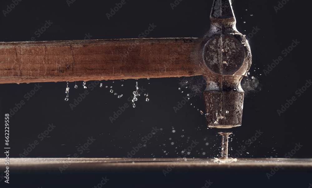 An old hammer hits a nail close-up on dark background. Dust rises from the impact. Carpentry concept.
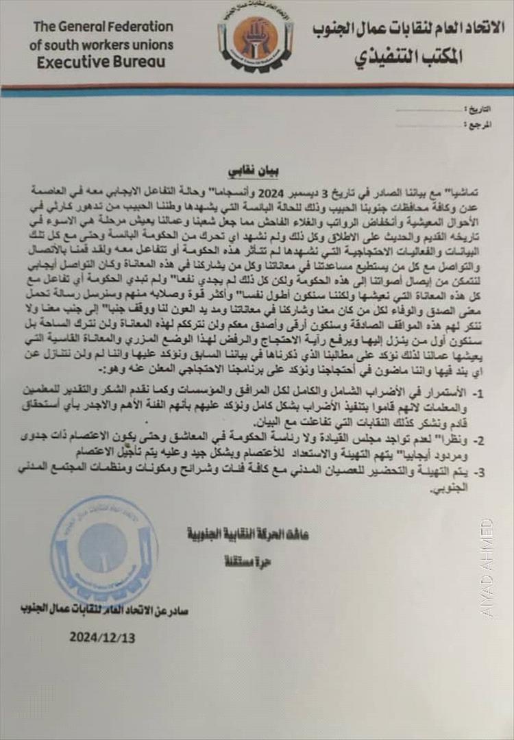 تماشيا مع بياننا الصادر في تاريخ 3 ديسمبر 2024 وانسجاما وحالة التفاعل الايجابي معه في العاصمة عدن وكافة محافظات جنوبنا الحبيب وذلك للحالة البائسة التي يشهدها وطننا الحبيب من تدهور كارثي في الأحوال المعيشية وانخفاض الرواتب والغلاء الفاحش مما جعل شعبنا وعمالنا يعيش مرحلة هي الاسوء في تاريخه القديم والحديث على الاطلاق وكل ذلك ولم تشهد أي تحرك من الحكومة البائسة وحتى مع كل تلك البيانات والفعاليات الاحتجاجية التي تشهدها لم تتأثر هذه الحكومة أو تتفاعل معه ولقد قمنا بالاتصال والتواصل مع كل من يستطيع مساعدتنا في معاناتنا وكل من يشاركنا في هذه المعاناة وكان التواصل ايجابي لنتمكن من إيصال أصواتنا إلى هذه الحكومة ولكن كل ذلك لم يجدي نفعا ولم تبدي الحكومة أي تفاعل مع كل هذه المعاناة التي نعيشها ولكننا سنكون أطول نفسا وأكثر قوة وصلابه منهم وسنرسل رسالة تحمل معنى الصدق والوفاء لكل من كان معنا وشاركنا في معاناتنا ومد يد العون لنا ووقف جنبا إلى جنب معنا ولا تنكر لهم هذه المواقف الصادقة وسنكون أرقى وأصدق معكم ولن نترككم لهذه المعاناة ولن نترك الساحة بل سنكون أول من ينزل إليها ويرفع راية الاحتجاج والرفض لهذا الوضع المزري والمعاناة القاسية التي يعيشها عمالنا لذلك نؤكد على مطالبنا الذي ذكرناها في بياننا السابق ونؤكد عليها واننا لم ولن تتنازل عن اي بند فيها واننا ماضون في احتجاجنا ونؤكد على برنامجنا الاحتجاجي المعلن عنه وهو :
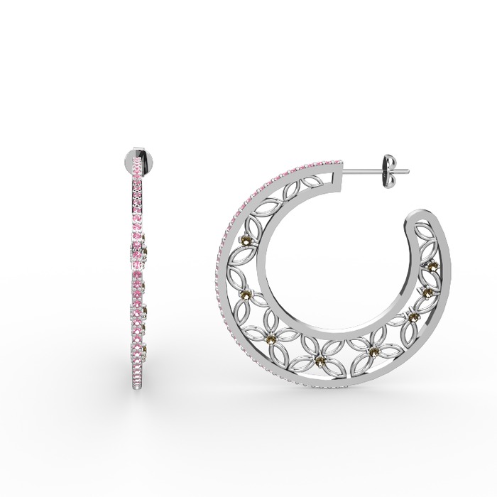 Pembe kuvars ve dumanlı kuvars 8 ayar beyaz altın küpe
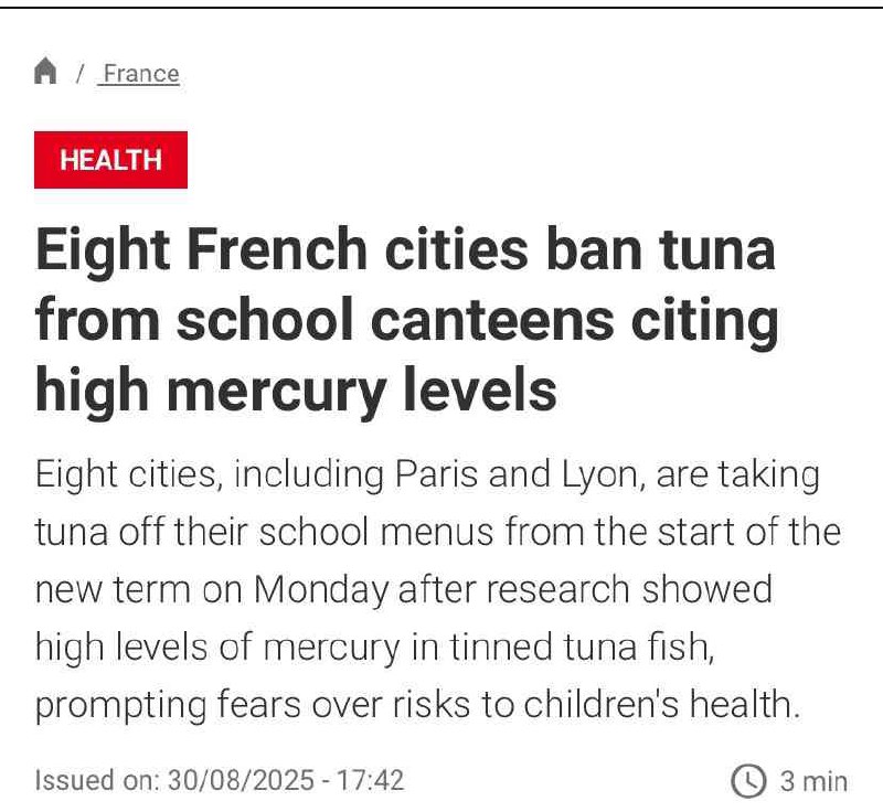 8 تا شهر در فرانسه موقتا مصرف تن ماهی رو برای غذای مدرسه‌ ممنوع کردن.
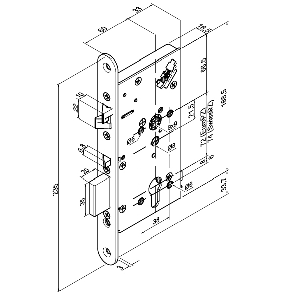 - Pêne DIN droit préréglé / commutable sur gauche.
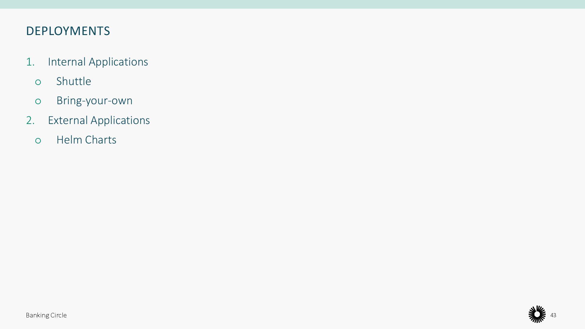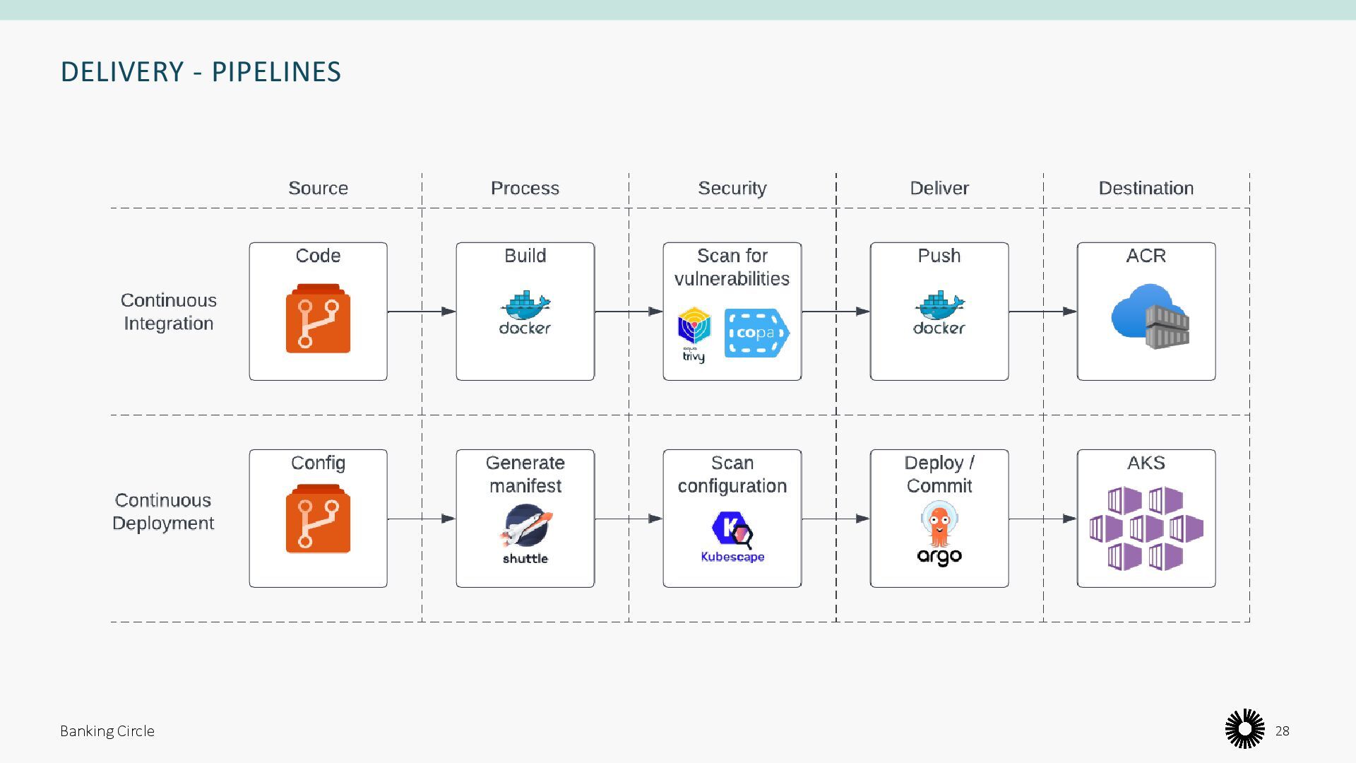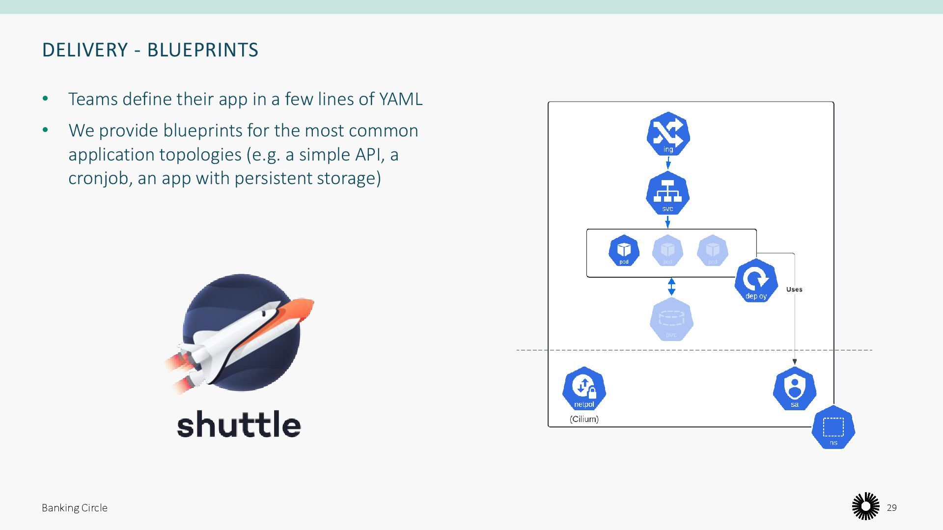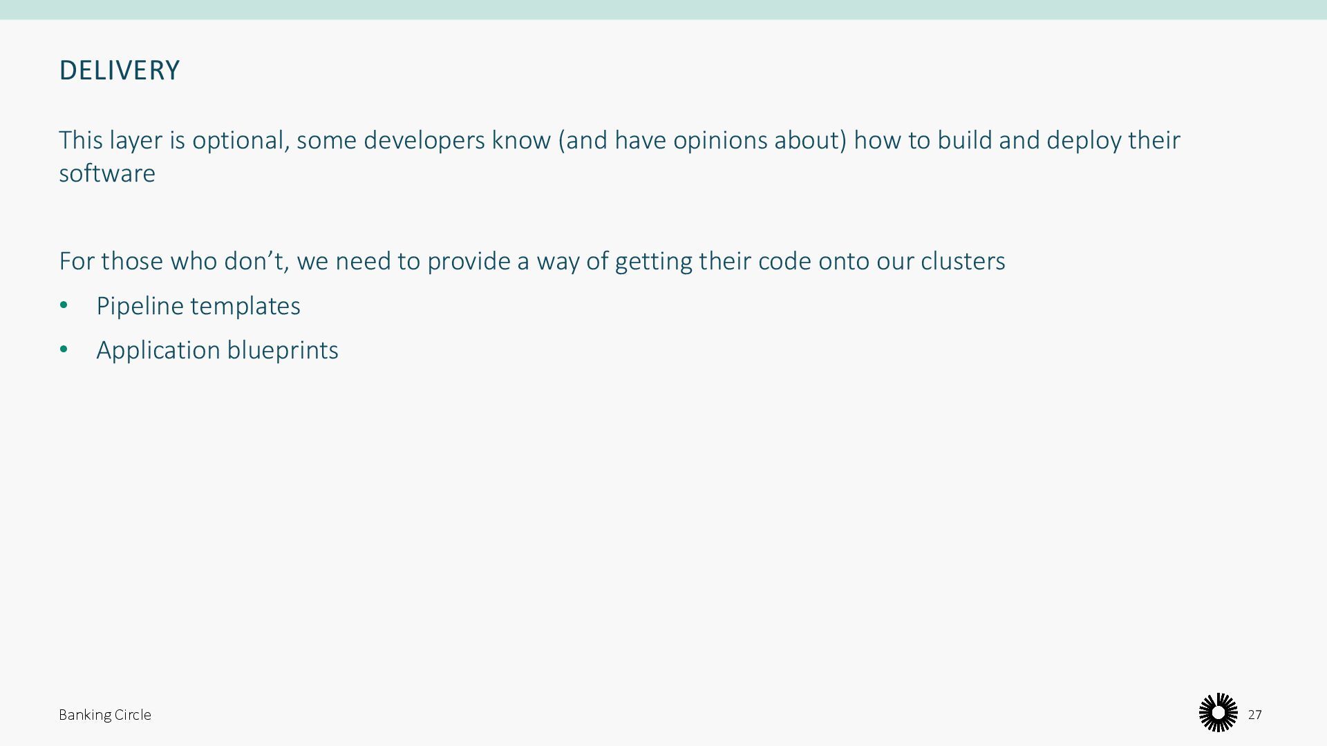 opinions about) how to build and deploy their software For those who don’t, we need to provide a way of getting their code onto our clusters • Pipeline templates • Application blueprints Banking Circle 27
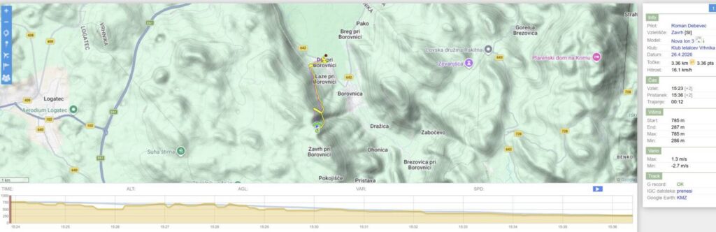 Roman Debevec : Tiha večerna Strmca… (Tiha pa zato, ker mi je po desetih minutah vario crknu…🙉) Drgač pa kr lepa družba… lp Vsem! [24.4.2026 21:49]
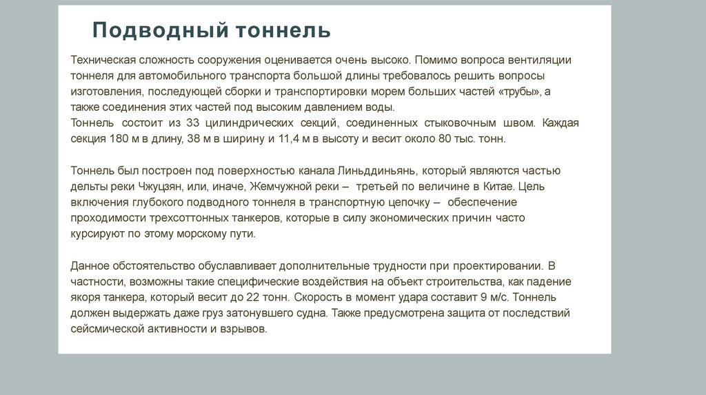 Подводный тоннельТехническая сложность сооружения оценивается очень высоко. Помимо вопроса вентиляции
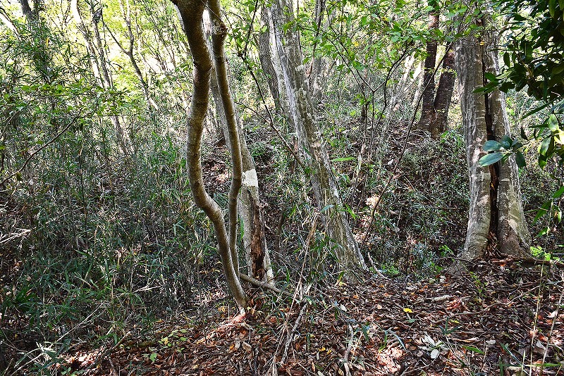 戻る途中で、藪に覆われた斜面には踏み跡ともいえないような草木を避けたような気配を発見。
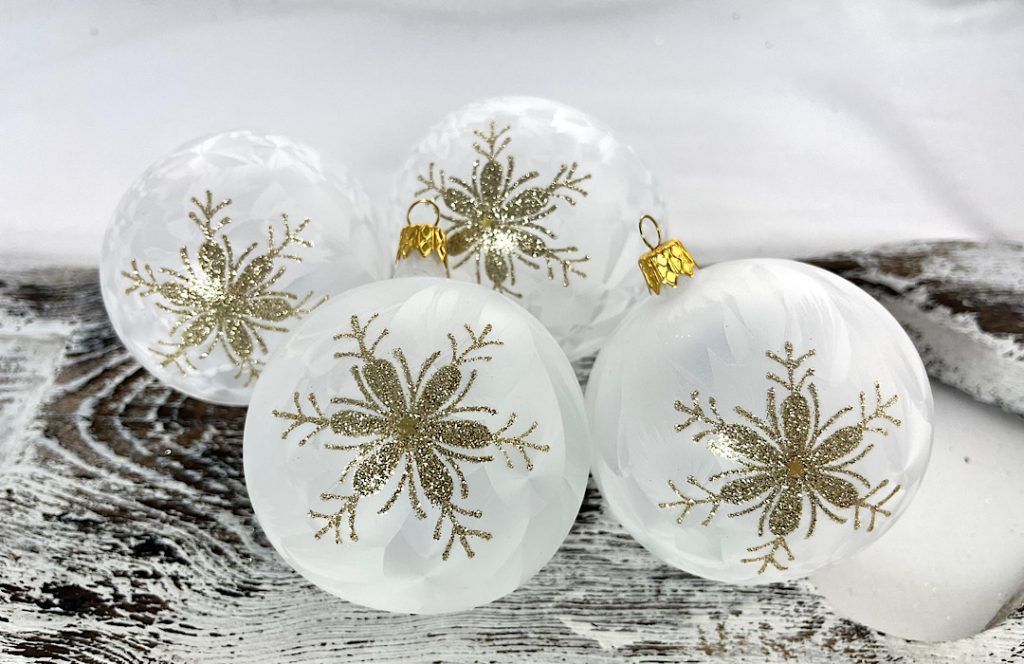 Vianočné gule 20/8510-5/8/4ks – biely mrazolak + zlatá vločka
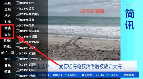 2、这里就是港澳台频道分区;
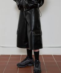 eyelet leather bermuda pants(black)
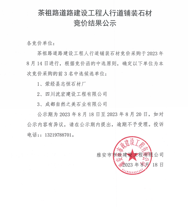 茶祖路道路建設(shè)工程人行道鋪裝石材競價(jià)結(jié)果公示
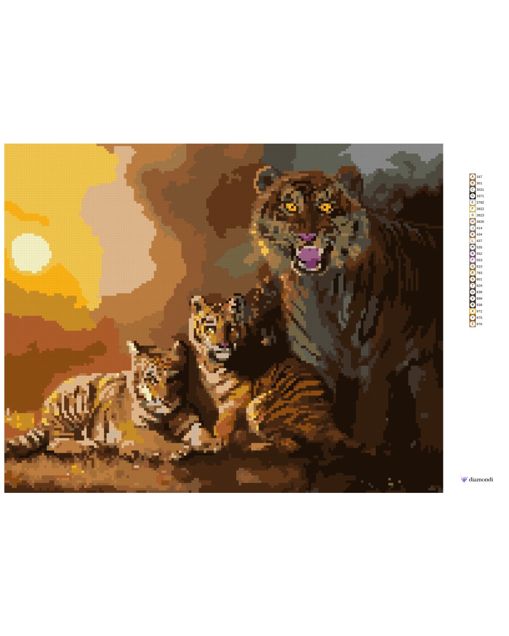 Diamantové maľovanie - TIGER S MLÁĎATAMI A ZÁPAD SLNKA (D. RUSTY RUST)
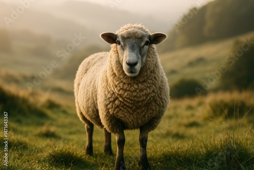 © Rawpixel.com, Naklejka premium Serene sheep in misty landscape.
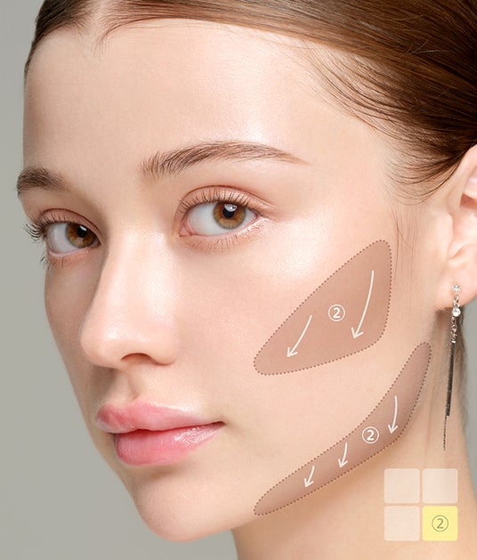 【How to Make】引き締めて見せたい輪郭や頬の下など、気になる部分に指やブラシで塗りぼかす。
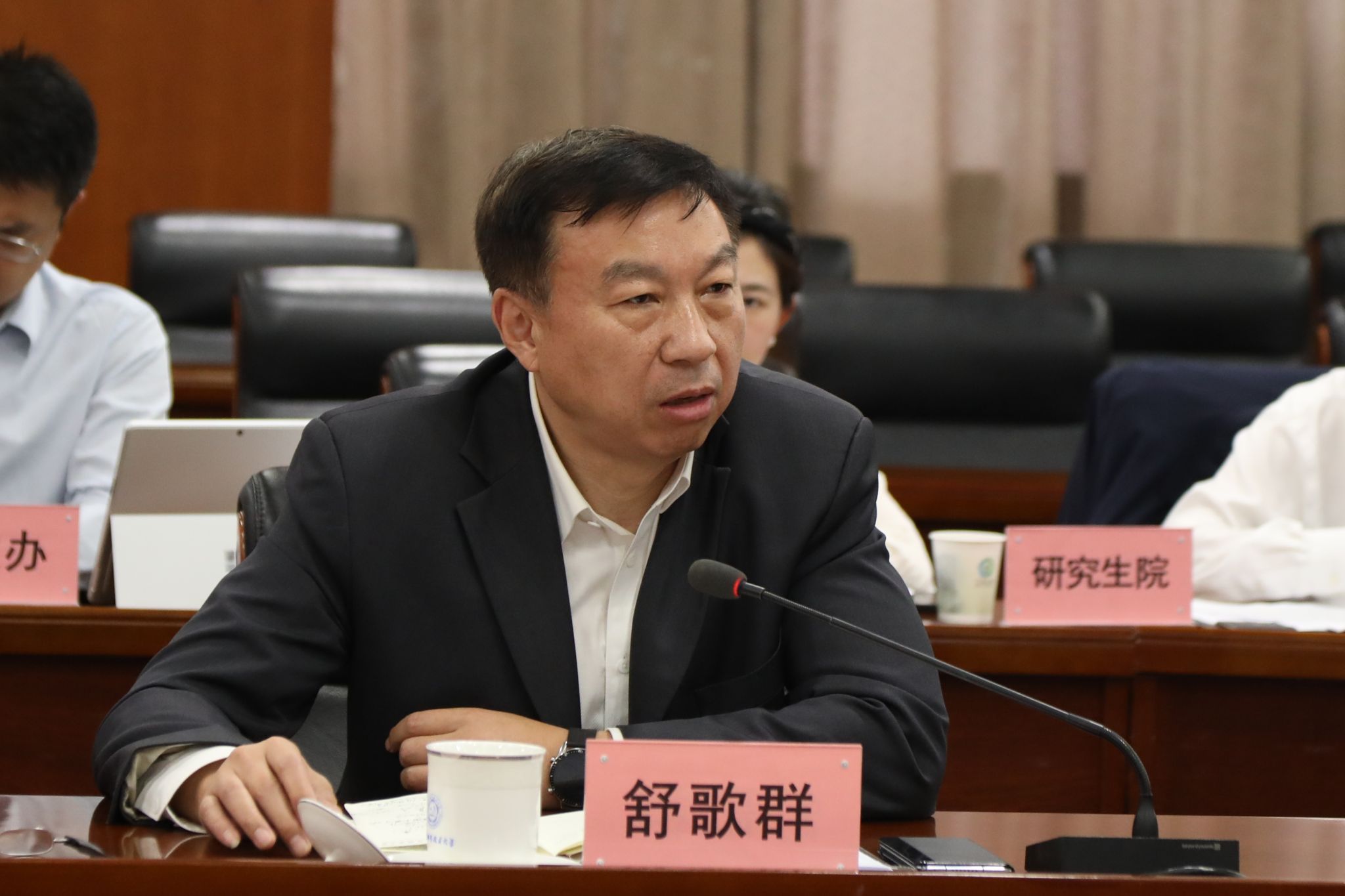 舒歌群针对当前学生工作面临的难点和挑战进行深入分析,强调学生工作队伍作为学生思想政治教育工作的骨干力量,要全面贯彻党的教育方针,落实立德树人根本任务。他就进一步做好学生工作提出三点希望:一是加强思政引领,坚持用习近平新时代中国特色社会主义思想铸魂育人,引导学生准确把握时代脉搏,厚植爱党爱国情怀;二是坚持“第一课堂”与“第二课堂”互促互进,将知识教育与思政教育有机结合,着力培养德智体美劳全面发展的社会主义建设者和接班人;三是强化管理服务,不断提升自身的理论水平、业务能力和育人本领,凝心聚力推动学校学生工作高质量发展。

Task: Starting at the line above that holds "Roman Debevec : Tiha", repeat every line exactly down to and including the line that holds "Diamantové maľovanie - TIGER", then stop. Do not carry over any pictures.

Reply to the task:
 Roman Debevec : Tiha večerna Strmca… (Tiha pa zato, ker mi je po desetih minutah vario crknu…🙉) Drgač pa kr lepa družba… lp Vsem! [24.4.2026 21:49]
 Подводный тоннельТехническая сложность сооружения оценивается очень высоко. Помимо вопроса вентиляции
 戻る途中で、藪に覆われた斜面には踏み跡ともいえないような草木を避けたような気配を発見。
 Vianočné gule 20/8510-5/8/4ks – biely mrazolak + zlatá vločka
 2、这里就是港澳台频道分区;
 eyelet leather bermuda pants(black)
 茶祖路道路建設(shè)工程人行道鋪裝石材競價(jià)結(jié)果公示
 Diamantové maľovanie - TIGER S MLÁĎATAMI A ZÁPAD SLNKA (D. RUSTY RUST)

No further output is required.